Der Filmmarkt ist heute global orientiert. Die Geschichten sollen ein breites Publikum erreichen, damit möglichst ein Gewinn erwirtschaftet werden kann. Verbieten sich da nicht Stoffe, die sich mit einer konkreten Botschaft an eine sehr spezifische Zielgruppe wenden?
"Da bin ich zunächst etwas ratlos, weil ich mit dem Begriff 'Globalisierung' nichts anfangen kann und wahrscheinlich auch nichts anfangen will. Ich denke schon, jedes Land soll seine eigene Kultur haben. So etwas lässt sich nicht ausschließlich wirtschaftlich erklären. Der Kinderfilm ist ein Kulturgut. Dafür muss auch Geld bereitgestellt werden, ohne dass man zunächst den wirtschaftlichen Gewinn im Blick hat. Wir müssen auch Bewahrer sein können. Ich habe nie Geschichten des Geldes wegen geschrieben. Wenn ich arbeite, dann geht es mir nicht um etwas Spektakuläres an sich, sondern ich verspüre eine Verantwortung. Ich möchte eine Botschaft vermitteln. Kinder brauchen meiner Meinung nach leise humanistische und poetische Botschaften. Man hat mir vorgeworfen, das sei ideologische Bevormundung und außerdem altmodisch. Die Verantwortlichen der Filmwirtschaft behaupten zwar, Kinder wollen und brauchen das nicht. Aber ich bleibe dabei, wenn ich etwas schreibe, dann muss es eine Botschaft haben. Auf Lesungen finde ich das auch bestätigt. Und wer sich in der Welt umsieht, der stellt fest, dass es solche Bedürfnisse gibt. In der Film- und Fernsehwirtschaft hat man mit solch einer Meinung im Moment aber einen schlechten Stand."

Gibt es denn konkrete Projekte von Ihnen, die unmittelbar umgesetzt werden könnten?
"In meinem Schreibtisch liegt ein fertiges Drehbuch. Ich habe es nach meinem sehr erfolgreichen Kinderbuch 'Der Engel mit dem goldenen Schnurbart' entwickelt. Damit hatte ich schon im Studio Babelsberg bei Herrn Schlöndorff, der ja immer getönt hatte, dass er die Traditionslinie Kinderfilm im Studio fortsetzen will, angeklopft.
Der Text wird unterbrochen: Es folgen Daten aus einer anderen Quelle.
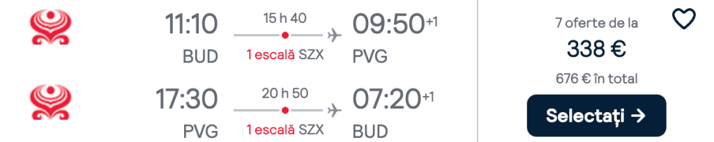 ZBOR: Budapesta -> Shanghai, Preț dus-întors 338€/pers

Diverse junge Herren haben sich meines Stoffes angenommen. Die kamen und gingen und keiner wusste so recht etwas von dem anderen. Am Ende war aus meinem Engel ein amerikanischer Austauschschüler geworden. Da habe ich alles auf den Tisch geknallt. Ich lasse mich nicht verbiegen und meine Geschichten auch nicht. Inzwischen liegt das Buch bereits zwei Jahre beim MDR. Doch von dort bekomme ich auf meine Nachfragen keine Antwort. Möglicherweise muss ich mich an den Gedanken gewöhnen, dass die Arbeit an Kinderfilmen für das Kino inzwischen für mich eine schöne Vergangenheit ist."

Sie hatten aber versprochen, Sie bleiben dran.
"Natürlich. Es gibt da zum Beispiel ein Projekt zusammen mit Rolf Losansky. Außerdem ist mein Engel in einer neuen Geschichte zurückgekehrt. Wieder soll er für Zwecke benutzt werden, die er nicht will. Er leidet unter der wachsenden Gewalt unter den Kindern. Ihn erschrecken die Kälte in den menschlichen Beziehungen und die allseits herrschende Geldgier. Am Ende rettet der Engel ein kurdisches Mädchen aus einem brennenden Haus und verlässt danach unsere Welt. Für diese Geschichte finde ich nicht einmal einen Verlag. Man will keinen Engel, der mit brennenden Flügeln die Erde verlässt. Doch ich weiß, meine Geschichten werden gebraucht.